- Born: 15 December 2010 (age 15) Tashkent

Gymnastics career
- Discipline: Rhythmic gymnastics
- Country represented: Uzbekistan (2024-present)
- Medal record
Representing Uzbekistan
Rhythmic gymnastics
Junior World Championships
| Bronze medal – third place | 2025 Sofia | Team |
Asian Junior Championships
| Gold medal – first place | 2024 Tashkent | Group All-Around |
| Gold medal – first place | 2024 Tashkent | 5 Hoops |
| Gold medal – first place | 2024 Tashkent | 10 Clubs |
| Gold medal – first place | 2025 Singapore | Group All-Around |
| Silver medal – second place | 2025 Singapore | 5 Hoops |
| Bronze medal – third place | 2025 Singapore | 10 Clubs |

= Alana Khafizova =

Uzbekistani rhythmic gymnast

Alana Khafizova (born 15 December 2010) is an Uzbek rhythmic gymnast. She represents Uzbekistan in international competitions.

== Biography ==
In 2023 Khafizova won gold with 5 hoops at the Youth Cup of Uzbekistan. In May of the following year she was selected to compete at the 2024 Asian Championships along Fatima El Sankari, Yosina Djuraeva, Milana Safina, Kristina Shin and Ravshana Shaabdurakhmanova, winning gold in the All-Around, with 5 hoops and with 5 clubs.

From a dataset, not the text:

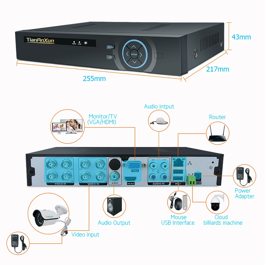 BEST QUALITY Tiananxun Video Surveillance Security Camera System 8CH CCTV Kit AHD Cameras DVR Set 720P Home Weat

In March 2025 she won bronze overall and silver with 10 clubs at the Sofia International Cup. In early May silver in the All-Around and gold with 5 hoops at the Shining star tournament. Later she competed in the Asian Championships in Singapore, winning gold in the All-Around and in the two event finals. In late June Djuraeva was selected for the 3rd Junior World Championships in Sofia, winning bronze in teams along groupmates Yosina Djuraeva, Zamira Khvalcheva, Milana Safina, Kristina Shin, Jasmine Yakhlakova and individuals Viktoriya Nikiforova and Sofiya Usova.